Physical characteristics
- • coordinates: 44°01′52″N 96°17′25″W﻿ / ﻿44.031081°N 96.2903114°W
- • coordinates: 43°48′14″N 96°26′28″W﻿ / ﻿43.80389°N 96.44111°W
- Length: 53.2-mile-long (85.6 km)

= Pipestone Creek (Big Sioux River tributary) =

Pipestone Creek is a 53.2 mi river in southwestern Minnesota and southeastern South Dakota.
==Course==
Pipestone Creek has a center branch as well as branches named "North" and "South". The creek (center branch) begins about 3 mi north of Holland (the high point of its watershed actually being underneath the north branch's watershed) and flows southwesterly, roughly following MN State Highway 23 for much of its early existence (also being known as County Ditch Number 1). The creek approaches the town of Pipestone from the east, but turns northwesterly just before Highway 23 meets U.S. Highway 75, with the creek going under both highways in rapid succession. Flowing through Pipestone National Monument, the creek passes over Winnewissa Falls, and then enters the adjacent State DNR controlled "Pipestone Wildlike Management Area" where a small "impoundment" (dam) forms "Indian Lake". The creek continues northwesterly until turning southwesterly just east of County Road 53. On the west side of County Rd 53, and on the North side of Country Rd 5, it is joined by the North branch, and on the south side of the same road, the South branch joins.

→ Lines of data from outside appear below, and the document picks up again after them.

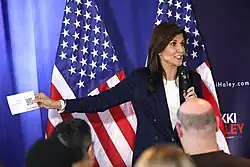 Nikki Haley, a former governor of South Carolina and U.S. ambassador to the United Nations, announced her campaign for the 2024 United States presidential election in a campaign video on February 14, 2023. On March 6, 2024, Haley suspended her campaign following Super Tuesday.[4] Haley is the first woman of color to be a major candidate for the Republican presidential nomination,[5] the first woman to run against a former president as a major party candidate,[6] and the first female former governor to run for president.[7]
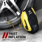 - [FAST INFLATING & EASY OPERATION] This auto tire air compressor can inflate your standard car tires in seconds. Plug it into the 12V power outlet in your car and attach the stem to the tire valve. A simple press on the car air compressor and it will do all the work for you. A great solution for emergency on the way.
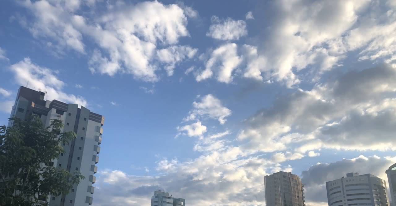 Terça-feira com previsão de tempo nublado e pancadas de chuva. Temperatura máxima de 34 C°.
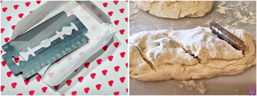 Con ayuda de una cuchilla nueva, haz incisiones en la superficie del pan amasado. ¡Cuidado no te cortes!
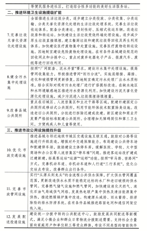 漳州所有县城注意! 国家近期发布! 事关你的家乡! 在推进环境卫生设施提级扩能方面,有3项建设任务。包括建设生活垃圾焚烧终端处理设施、提标改造污水处理厂、改造老旧公共厕所等任务。 在推进市政公用设施提档升级方面,包含5大项建设任务。主要是建设公共停车场、更新改造水厂和老旧破损供水管网、建设新型基础设施、完善水电气路信等配套基础设施和养老托育、停车、便民市场等公共服务设施等任务。 在推进产业培育设施提质增效方面,有3大项建设任务。包括了在产业园区和特色小镇等县城产业集聚区内,健全检验检测认证中心、技术研发转化中心,以及在零售型农贸市场和社区菜市场完善环保设施、改造畜禽定点屠宰加工厂等。 具体可点击查看:国家发展改革委有关负责人就《关于加快开展县城城镇化补短板强弱项工作的通知》答记者问县城城镇化 会从哪些方面入手? 具体看看

The creek continues southwesterly, and crosses the state line in South Dakota above the road known as 81st Street in Minnesota and 236th A Street in South Dakota. It does not travel far into South Dakota, but loops back into Minnesota, flowing into Split Rock Creek within a mile of the state line, this confluence about 3 miles north of Sherman, South Dakota, also being 3 miles south of Jasper, Minnesota. Split Rock Creek itself is a tributary of the Big Sioux River, which in turn flows via the Missouri River and Mississippi River to the Gulf of Mexico.

==History==
The creek was named for deposits of pipestone along its course.